__What to do__
The lines from the top of the material through the line with "Я смотрю в окно" are to be set down exactly. Leave the pictures out.

__Provided material__
================================
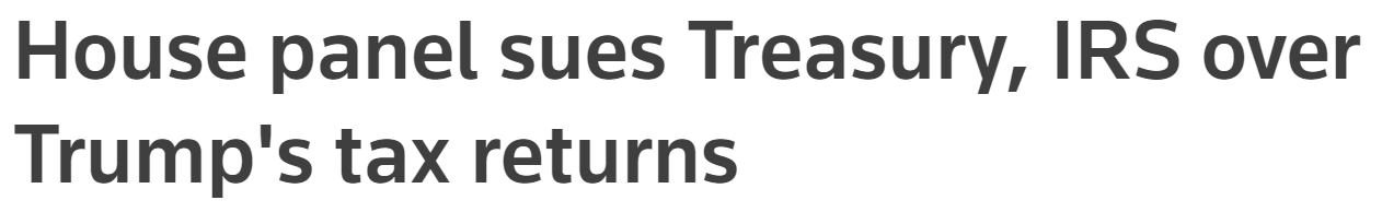 【美众议院委员会因特朗普报税起诉财政部和国税局】民主党领导的美国国会众议院一个委员会周二终于向联邦法庭提起诉讼,要求获得总统特朗普本人及其企业的纳税申报文件。
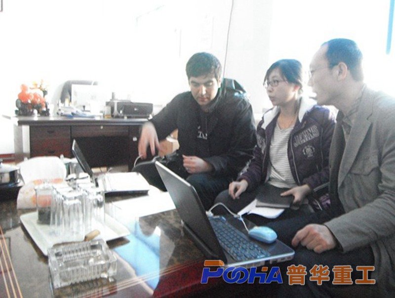 圖為客戶與我廠技術(shù)人員交流機器情況
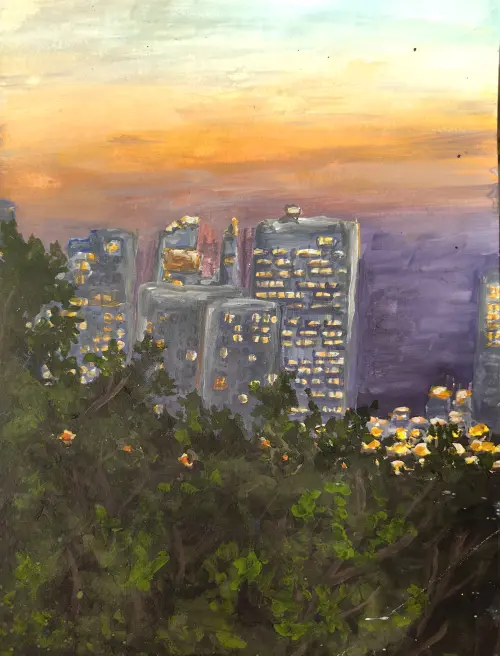 Я смотрю в окно и вижу вечерний город. Небо окрашено в нежные розовые и оранжевые цвета, как будто кто-то раскрасил его красками. Огни домов начинают загораться, и они блестят, как звезды на земле.
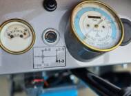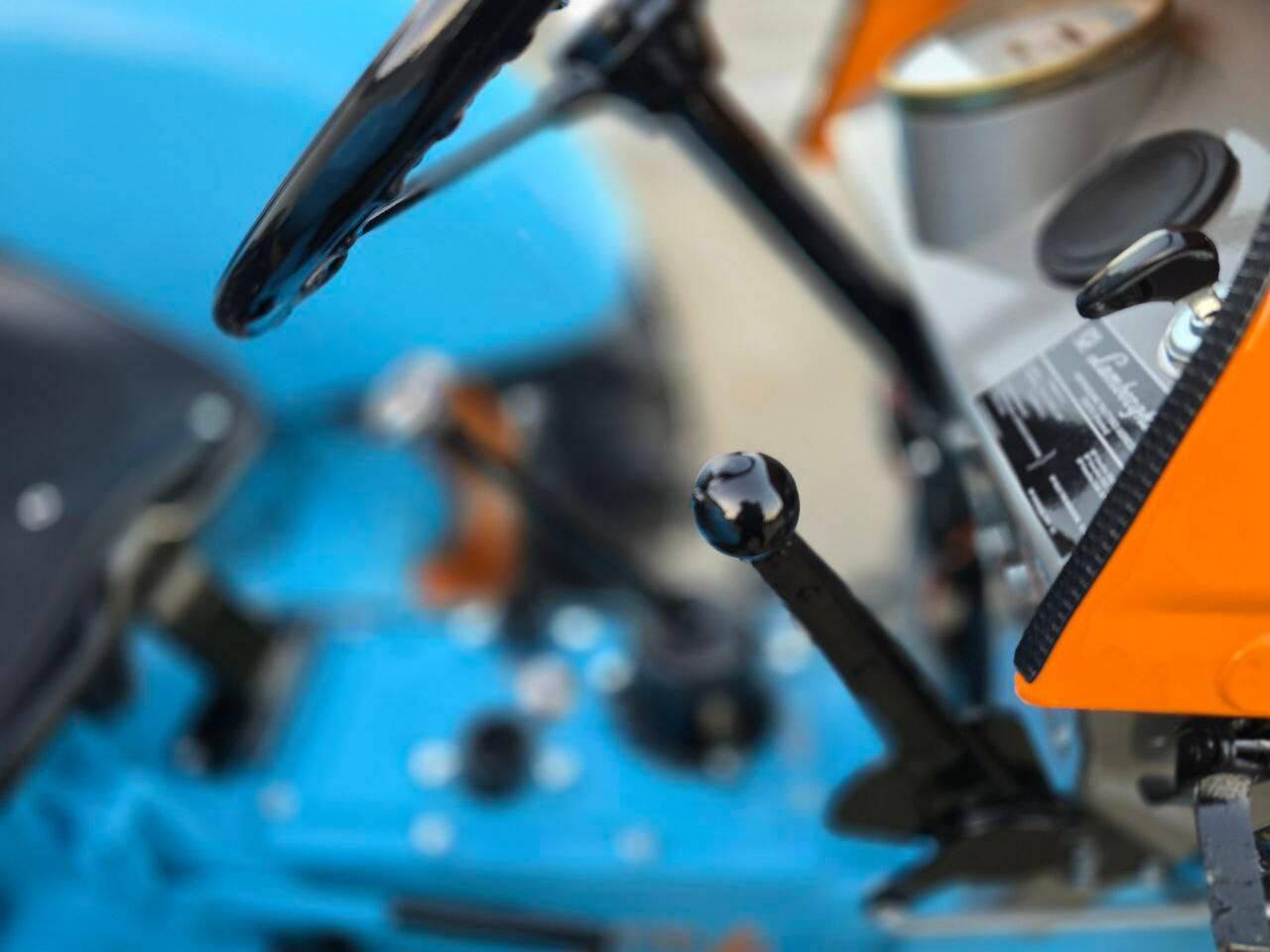 Das Doppelsitz-Layout entspricht dem damaligen Sicherheitsstandard – beide Sitze sind aus schwarz lackiertem Stahl mit passenden schwarzen Polstern und zeigen den Lamborghini-Schriftzug auf den Lehnen. Die Armaturentafel ist sauber lackiert und verfügt über ein originales Öldruckmanometer sowie einen Lamborghini-gebrandeten Drehzahlmesser mit inverser Skala. Das Dreispeichen-Lenkrad, manuelle Gasbedienung, Getriebehebel und Pedalerie (separate Trommelbremsen für die Hinterräder, Kupplungspedal) runden das Bild ab.
================================
__Result__
 【美众议院委员会因特朗普报税起诉财政部和国税局】民主党领导的美国国会众议院一个委员会周二终于向联邦法庭提起诉讼,要求获得总统特朗普本人及其企业的纳税申报文件。
 圖為客戶與我廠技術(shù)人員交流機器情況
 Я смотрю в окно и вижу вечерний город. Небо окрашено в нежные розовые и оранжевые цвета, как будто кто-то раскрасил его красками. Огни домов начинают загораться, и они блестят, как звезды на земле.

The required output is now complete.